19 of 19 people found the following review helpful:
4.0 out of 5 stars A quirky coming-of-age novel with an original plot!, March 6, 2008
Since I've always been a fan of Young Adult and Juvenile books--love to read them, love to write them--I just had to see what all the fuss was about with author John Green's coming-of-age novel. What sets it apart from others in the genre?

I started reading and quickly found out: it's an original concept, a laugh-out-loud funny story, complete with satire and an American road trip that's unlike any road trip I ever took. I'm enamored with this book and Green's main character, Colin Singleton, a loner with a quirky fascination for anagrams, math and odd facts. His main problem is that he has a hard time making friends, but NO problem with finding girlfriends.

But keeping them is another story!

At the end of his senior year of high school, "Katherine the Nineteenth" dumps him ... only the latest in a chain of rejections. As a result, he becomes indecisive about his future and begins to question his identity, his future.

What is Colin's problem? Why can't he keep his friends? When his friend Hassan suggests a road trip, what happens when the boys take off? What does a cemetery in the middle of rural Tennessee have to do with him? And who's Archduke Franz Ferdinand? Will Colin and Hassan fulfill Colin's quest to understand why he is always being dumped by his girlfriends?

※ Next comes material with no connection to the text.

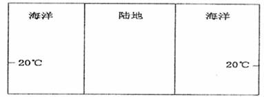 (4)请在下图中绘出指定的20℃的等温线,用来描述此时半球海陆气温分布的规律。
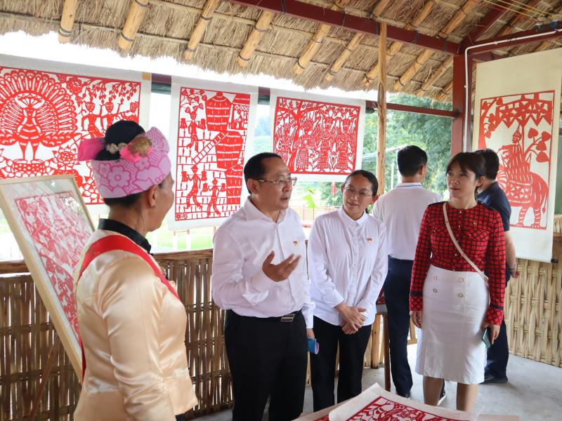 宣讲结束后,杨昆与村民们就发展乡村旅游,在产业发展上要怎么做、乡村振兴战略将给村民带来哪些实惠等主题做了交流。宣讲团一行还参观了介桃的景点风采,观看了国家级非物质文化傣族剪纸,傣族果雕技术,傣族手工织布等民族技艺,对介桃村在党支部的“一巷一线一社一阵地”的引领下,以“党建+产业”为先导发展乡村旅游铺就致富路表示肯定和赞许。

Since Colin is a fading prodigy whose hobbies include making anagrams, memorizing odd historical facts, mathematical equations, and dating girls named Katherine, what mathematical equation does he formulate to explain why so many dump him? And just how many Katherines make an "abundance?"

You're invited on Colin's journey to find the answers to all those questions, but I can tell you one thing without spoiling the plot: you're in for one hilarious road trip!

An Abundance of Katherines has a little bit of everything: adventure, humor, math, verbal games, little-known historical facts, and humorous tales of boy/girl relationships as the boys begin to learn more about the opposite sex.

Green is such a masterful storyteller with a talent for creating believable characters, I couldn't put this book down. I hope he writes a sequel because I'd like to have some more fun adventures with Colin and Hassan.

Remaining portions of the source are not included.